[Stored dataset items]
[Start of Attachment]

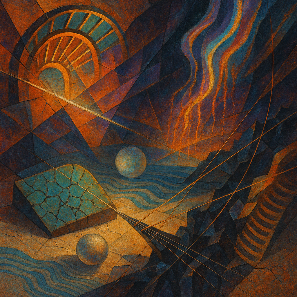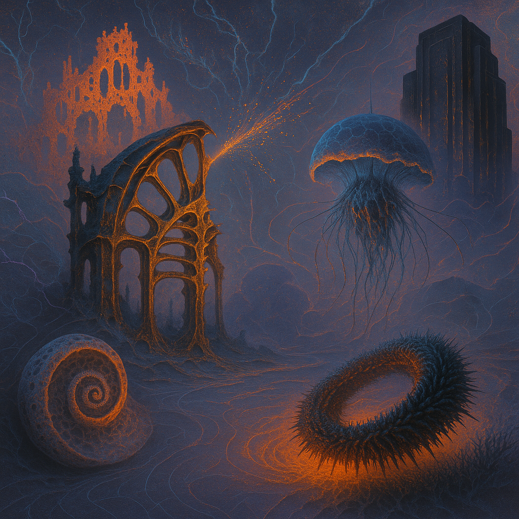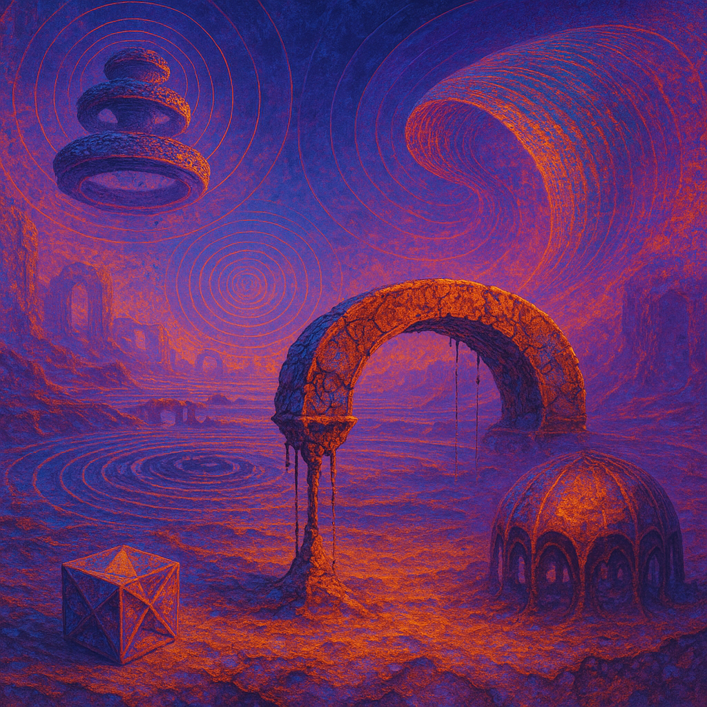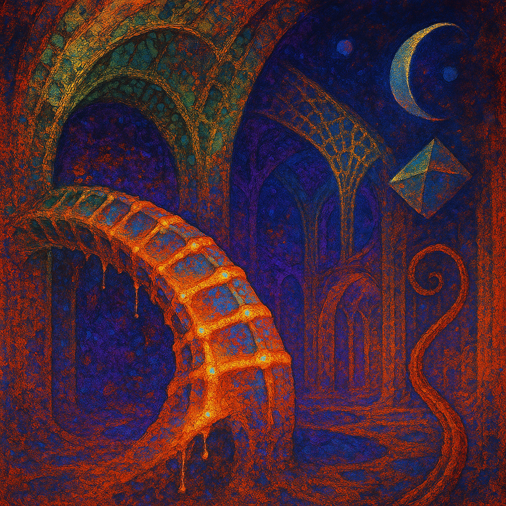 Air feels ionized, thin as static-laced silk, and every surface hums with latent heat. Edges sweat and blur, like metal remembering how to be liquid under a nervous lamp. Colors pool in odd places—coo
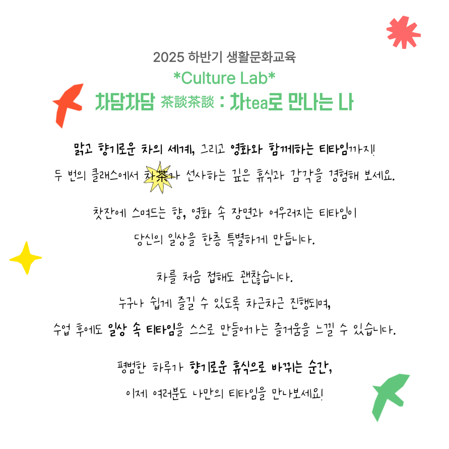 [2025 하반기 생활문화교육] 'Culture Lab_차담차담(茶談茶談) : 차(tea)로 만나는 나' 참여자 모집 안내
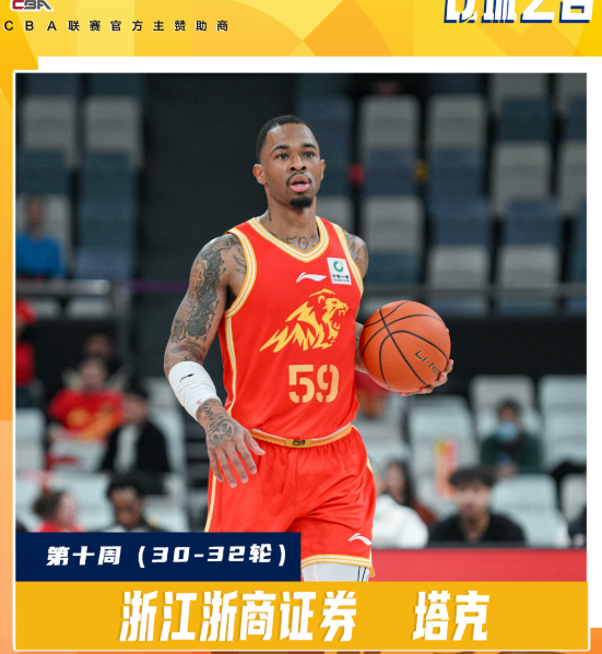 CBA官方:广厦外援塔克当选常规赛第十周周最佳球员
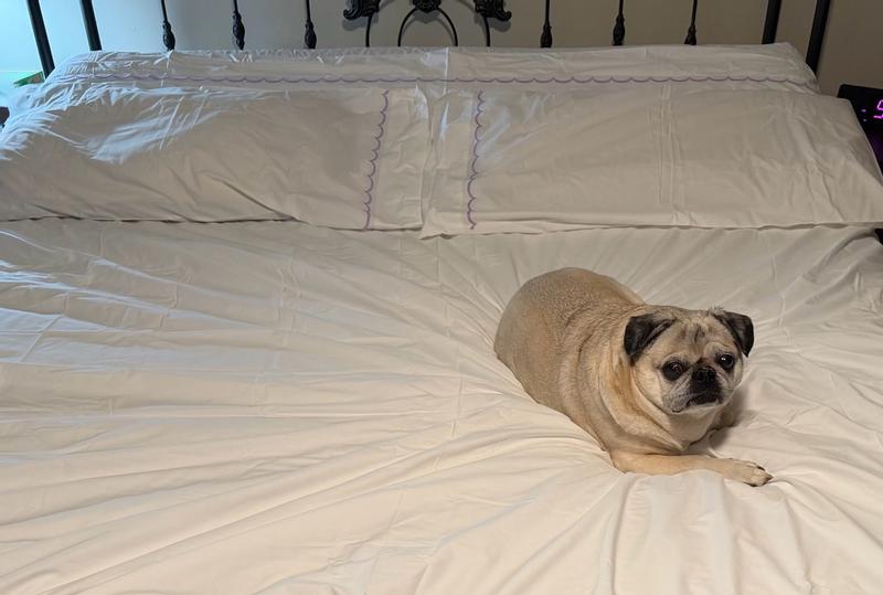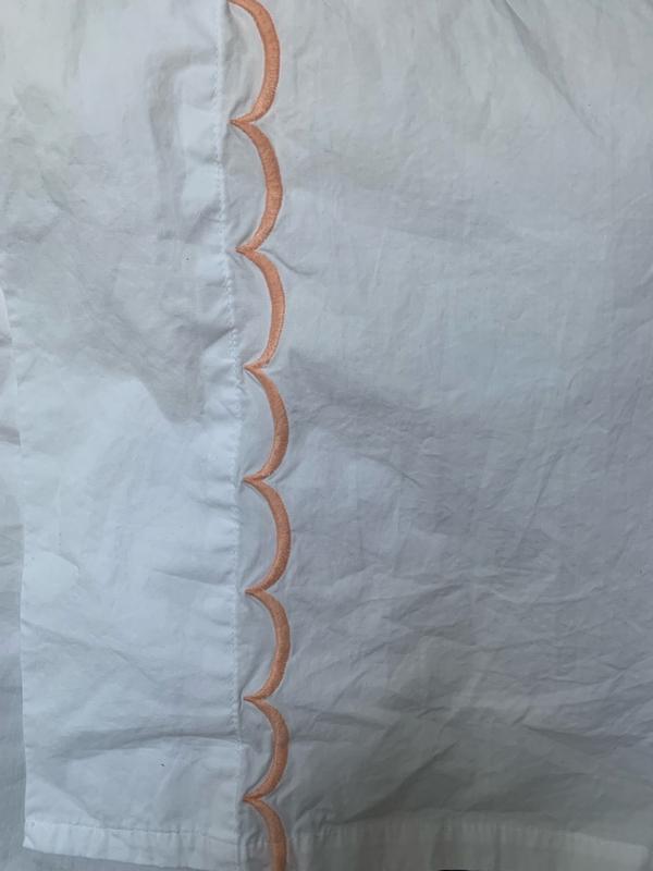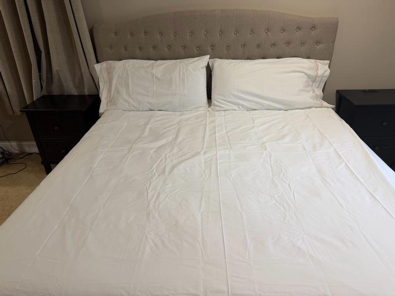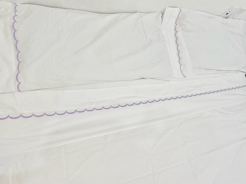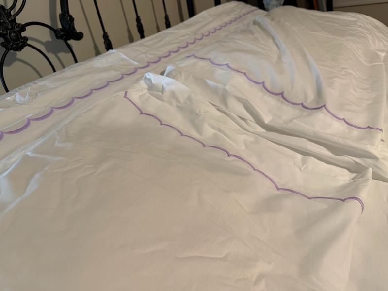 The product features a classic percale fabric with a soft, crisp feel and an elegant scalloped trim design. Many customers were satisfied with the quality and aesthetic of the sheets, though some noted they wrinkled easily even after following care instructions. Overall, the majority of reviewers found the product to be of good value and would recommend it.
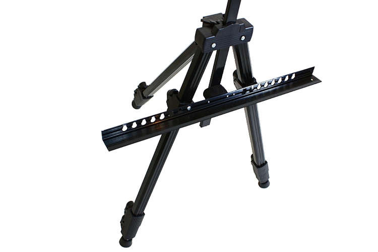 Könnyű és stabil festőállvány alumíniumból. A tartósan rögzített horog lehetővé teszi a ballaszt felakasztását és a készlet súlyának növelését, ami javíthatja a munkát erős szélben.
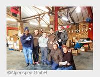 Engagement für Flüchtlinge Gemeinsam mit Flüchtlingen helfen die Alpensped-Mitarbeiter bei der Kleidersortierung. (Bildquelle: Alpensped GmbH)Mannheim - 7.000 Kopfkissen und Bettdecken…
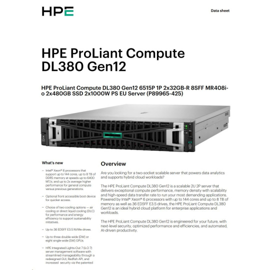HPE PL DL380g12 6515P (2.4/16C) 2x32G (P69727) 2x480G MR408i-o 8SFF 2x1000W 2p10G-T NBD333 Smart Choice
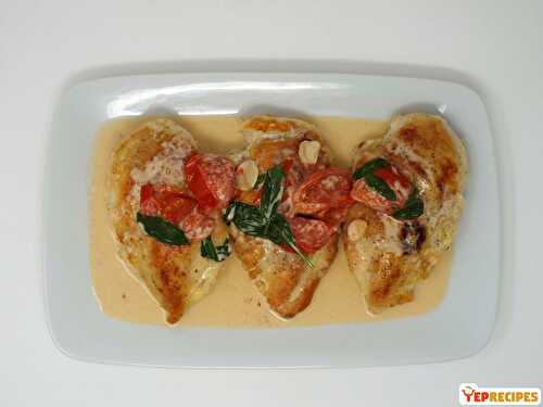Pan seared chicken breasts simmered in a cream sauce with fresh tomatoes and basil.
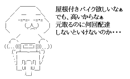 俺みたいにバイクで走るの好きで、元からバイク乗ってて、配送してんなら(俺はやってないが)いいが、配送のためにバイク買っても到底元取れない
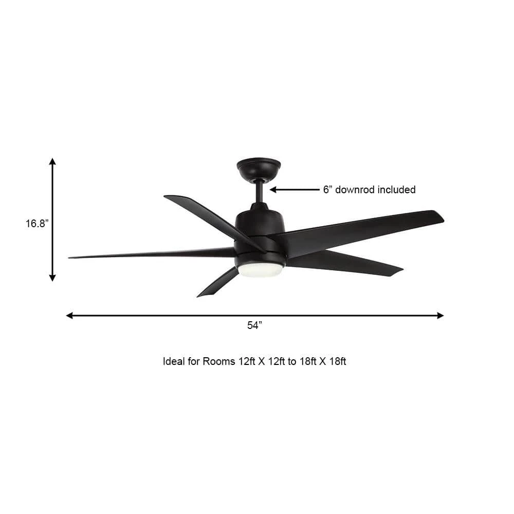 Add a touch of modern elegance to your living spaces with the 54 in. Mena ceiling fan by Hampton Bay. This versatile fan is damp rated, making it perfect for covered outdoor locations like porches and patios, and it looks great indoors as well. The powerful 21.5-Watt integrated LED light kit is dimmable and also allows you to choose between 3 different light temperature settings – warm white, soft white, or-daylight. Installation is a breeze with QuickFit installation features like a slide-on mounting bracket, magnetic light kit with pre-attached shade, and QuickInstall blades. The Mena fan is ENERGY STAR rated for increased energy cost savings.
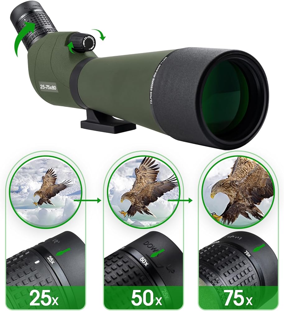 25-75x80 Spotting Scope for Target Shooting Spotter Scope with Tripod Phone Adapter Carrying Bag BAK4 Monocular Telescope for Hunting Birdwatching Green
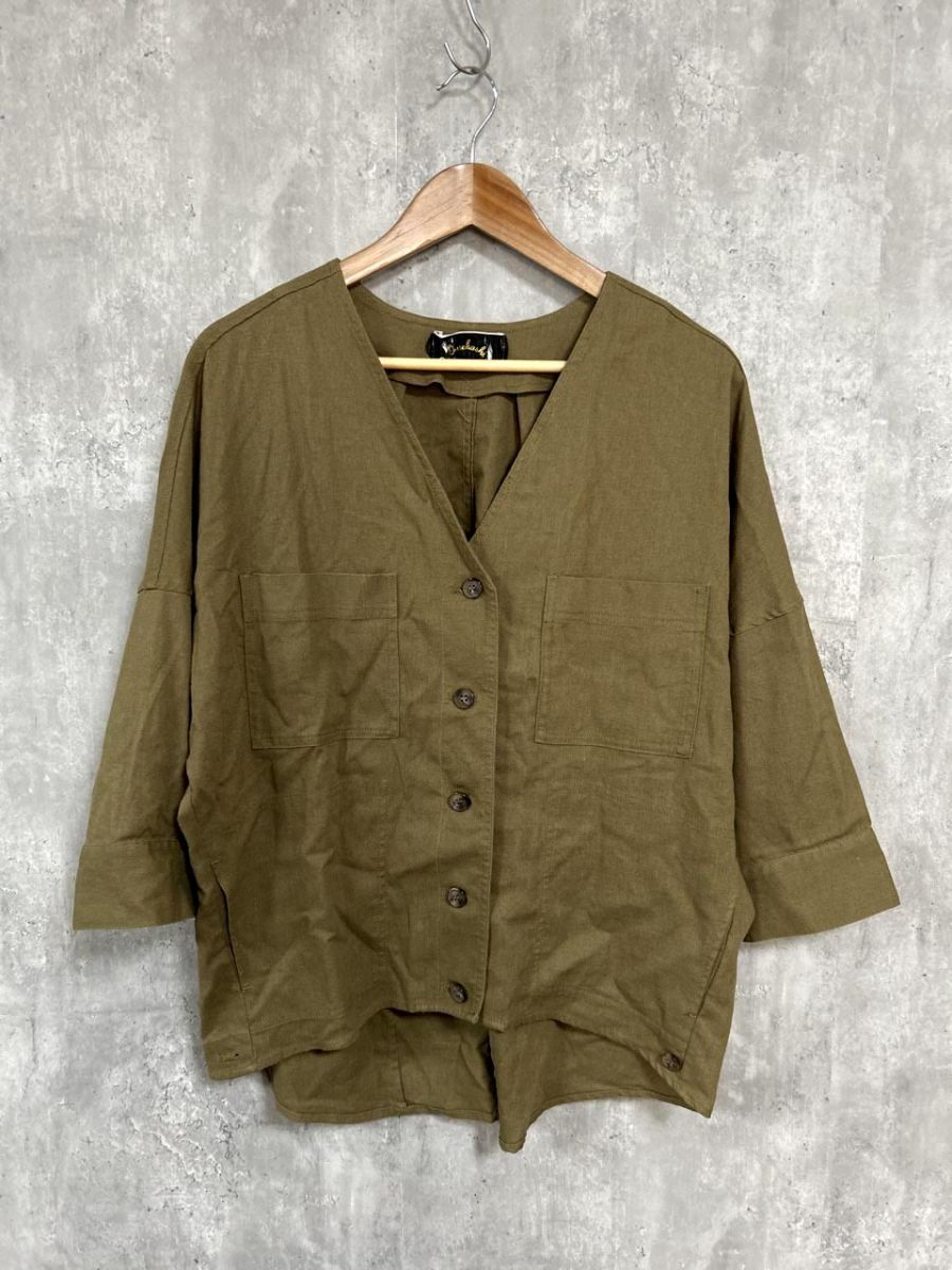 - ネコポスOK Omekashi オメカシ リネン混 半袖 シャツ sizeF/カーキ ■◆ レディース
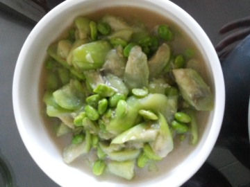 2.炒锅加油烧热放毛豆煸炒变色,加丝瓜,盐,糖,少许水,炒毛豆熟即可
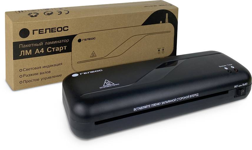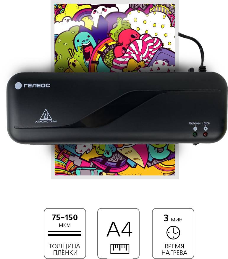 Ламинатор Гелеос ЛМ A4 Старт, А4, 2х150 , 300 мм/мин, 2 вала, пласт. корпус, мах толщина 0,6мм (ЛМ_А4С)

[End of Attachment]

ACTIVITY:
Pictures should not appear in the copy. Write out exactly the lines above from the first one through the line that contains "Könnyű és stabil".

WRITTEN REPLY:
 Air feels ionized, thin as static-laced silk, and every surface hums with latent heat. Edges sweat and blur, like metal remembering how to be liquid under a nervous lamp. Colors pool in odd places—coo
 [2025 하반기 생활문화교육] 'Culture Lab_차담차담(茶談茶談) : 차(tea)로 만나는 나' 참여자 모집 안내
 CBA官方:广厦外援塔克当选常规赛第十周周最佳球员
 The product features a classic percale fabric with a soft, crisp feel and an elegant scalloped trim design. Many customers were satisfied with the quality and aesthetic of the sheets, though some noted they wrinkled easily even after following care instructions. Overall, the majority of reviewers found the product to be of good value and would recommend it.
 Könnyű és stabil festőállvány alumíniumból. A tartósan rögzített horog lehetővé teszi a ballaszt felakasztását és a készlet súlyának növelését, ami javíthatja a munkát erős szélben.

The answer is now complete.